Notwithstanding the focus on avoiding the conventionalization of organic fruit production, it shall be underlined that some regulatory issues are considerably limiting the exploitation of traditional or new “active substances” for plant protection that express multi-functional properties (Kowalska et al., 2020), as well as the possible use of new breeding approaches to support varieties’ evolution (Ristel and Satter, 2014; Kellerhals et al., 2016), which is an obstacle for the improvement of organic orchard management strategies. Engaging in the dialogue with policy makers to support the development of legal provisions could thus be an important challenging role for researchers, which could positively impact on the organic horticultural production systems.
Author contributions
EM and DN contributed to conception and design of the work.
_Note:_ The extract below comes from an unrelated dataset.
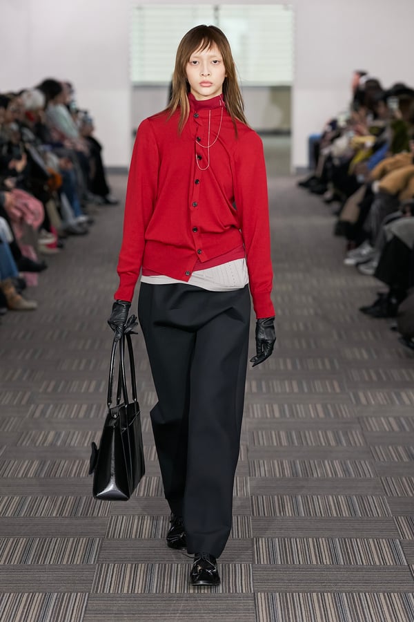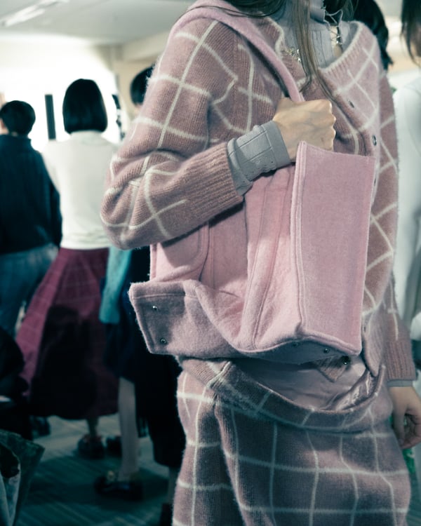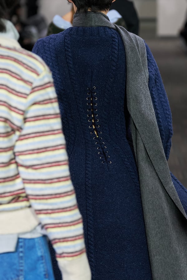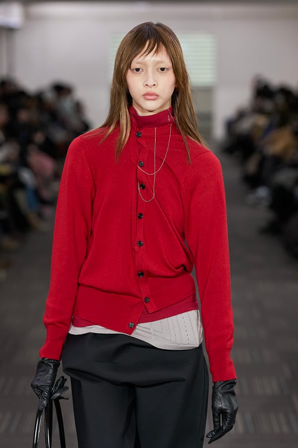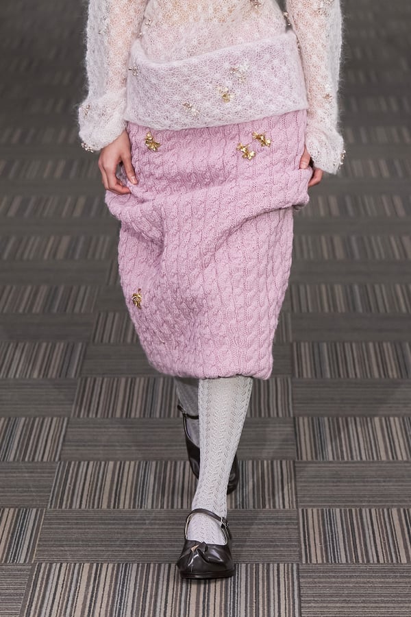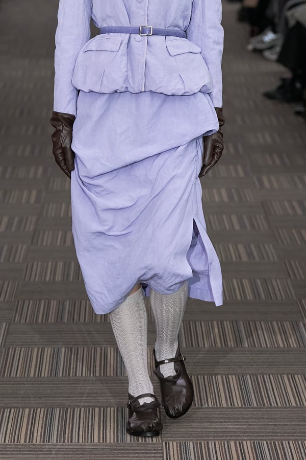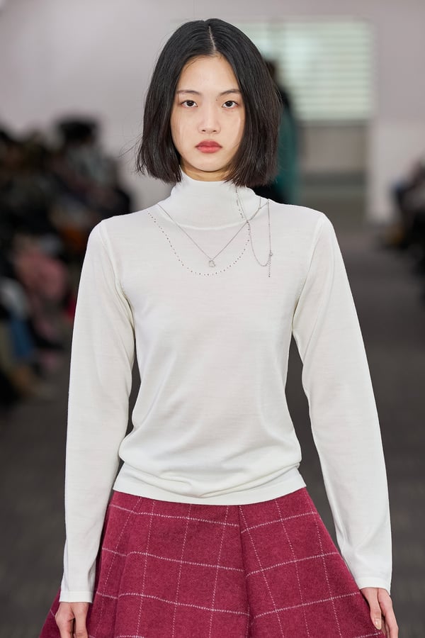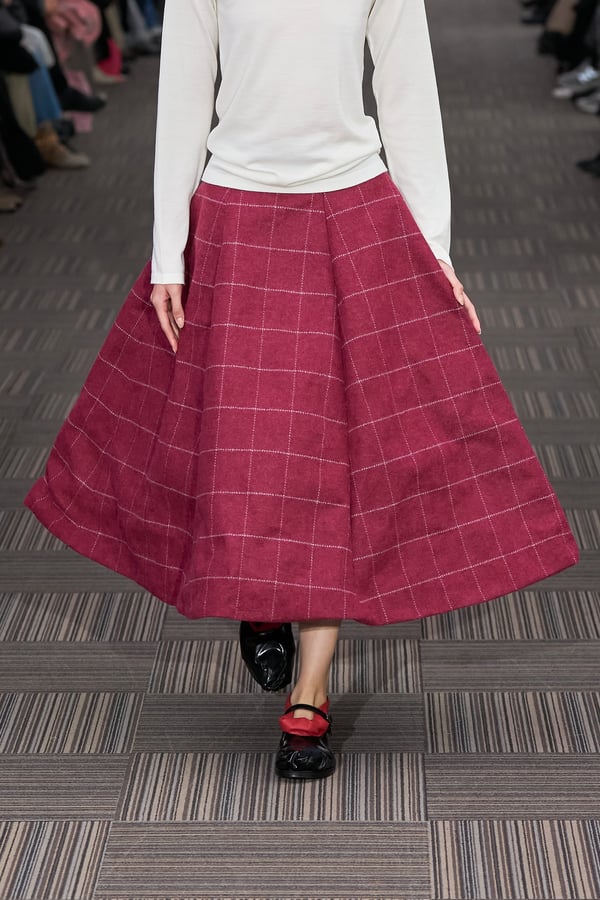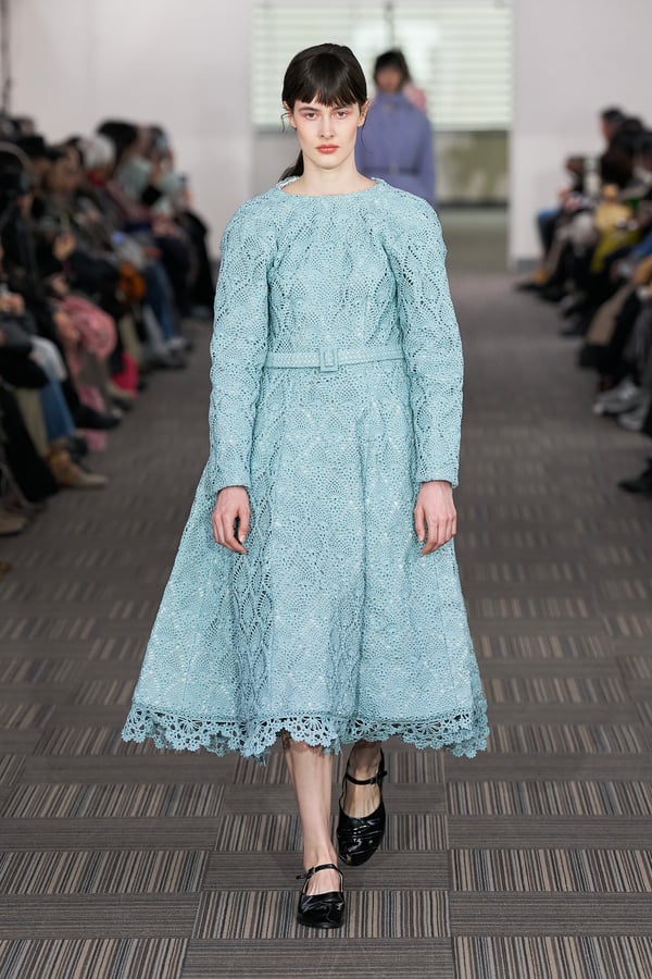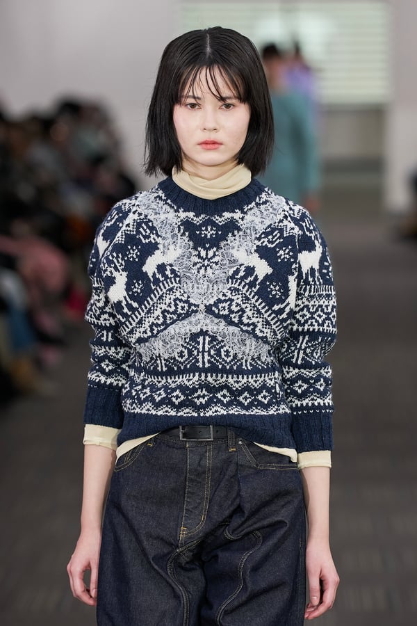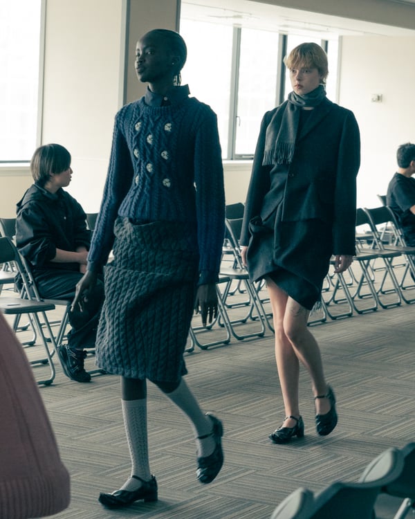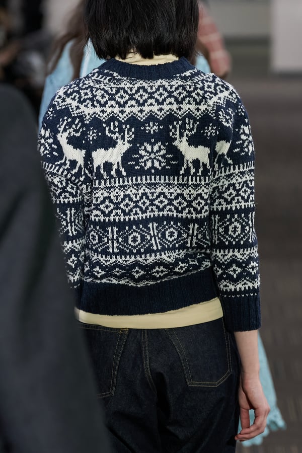 コレクションでは、ネイビーの膝丈のスカートスーツや、ハイネックのインナーに無地のカーディガンとスラックスを合わせた“オフィスカジュアル”から、フーディーとデニムパンツ、人形の衣装のようなプリンセスラインのニットドレスまで、リアルな日常着とファンタジックなスタイルが地続きの世界感の中で混在して登場。いずれも、縮絨や洗いをかけて風合いを出す加工、ボタンを掛け違えたようなデザイン、ポケットの袋布を少し釣り上げることで生まれるねじれたようなシェイプなど、ピリングスらしいわだかまりや歪みをあしらった。

EM and DN wrote sections of the manuscript and contributed to manuscript revision, and approved the submitted version.
Funding
The paper was funded to EM by the projects AgroBioConnect (grant n. SUSCROP/AgroBioDiv/I/42/AgroBioConnect/2023) and BioHortiTech (grant n. SUSCROP/II/BioHortiTech/01/2021) both receiving funding from NCBR under the SusCrop ERA-NET programme, within FACCE-JPI.
Conflict of interest
The authors declare that the research was conducted in the absence of any commercial or financial relationships that could be construed as a potential conflict of interest.
The author EM declared that they were an editorial board member of Frontiers, at the time of submission. This had no impact on the peer review process and the final decision.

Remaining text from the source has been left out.